There's no more need to stay in kernel mode for the moment. Let's return to the userspace implementation of message queue.
The basic structures used to form message requests and responses are divided into header and payload parts:
struct mq_data {
unsigned long len;
char *data;
} __attribute__((packed));
struct mq_request {
unsigned char event; // event type
unsigned long long id; // request id
unsigned long time; // issue time
struct mq_data data; // payload
} __attribute__((packed));
struct mq_response {
unsigned char event; // event type
unsigned long long req_id; // request id to which the response belongs
unsigned long long rsp_id; // response id
unsigned long time; // issue time
struct mq_data data; // payload
} __attribute__((packed));
struct mq_data represents message payload and generic for request and response.
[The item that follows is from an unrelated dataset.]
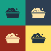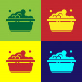 Zestaw Plastikowa umywalka z ikoną piór mydlanych izolowana na czarno-białym tle. Miska z wodą. Ubrania do prania, środki czystości. Ilustracja wektora.

The comments descriptive enough. Worth to mention which event type are predefined in current implementation:
enum mq_event {
MQ_EVENT_REQUEST = (1 << 0), // generic request to the client
MQ_EVENT_REQUEST_NO_ACK = (1 << 1), // request that doesn't require ACK from the client
MQ_EVENT_RESPONSE = (1 << 2), // response from the client
MQ_EVENT_ACK = (1 << 3), // ACK to the request that it was processed
MQ_EVENT_EXIT = (1 << 4), // call to terminate the client
};
The principle of operation is pretty simple. On initialization stage the core process launches subprocesses that will handle messages, additionally it launches a thread that will receive responses from the handlers:
#define HANDLERS 3
struct mq mq;
struct mq_handler handlers[HANDLERS];
int main(int argc, char **argv)
{
int i;
....
mq_init(&mq);
....
for (i=0;i<HANDLERS;++i)
if (mq_launch_handler(&mq, &handlers[i], handler) != 0) {
fprintf(stderr, "Failed to launch handler\n");
goto out;
}
....
The structure
struct mq drawn above defines core message queue. The definition is as follows:
struct mq {
struct mq_list handlers; // queue handlers
struct mq_lock lock; // management lock
short state; // state of the queue
pthread_t rsp_manager; // thread handle for managing responses
struct mq_list rsp_list; // list of responses
pthread_mutex_t rsp_lock; // lock for the list of responses
};
struct mq_list is a generic doubly-linked list implementation. I will not bother to discuss it here. Locking primitive
struct mq_lock is built upon POSIX mutex in conjunction with simple reference counting.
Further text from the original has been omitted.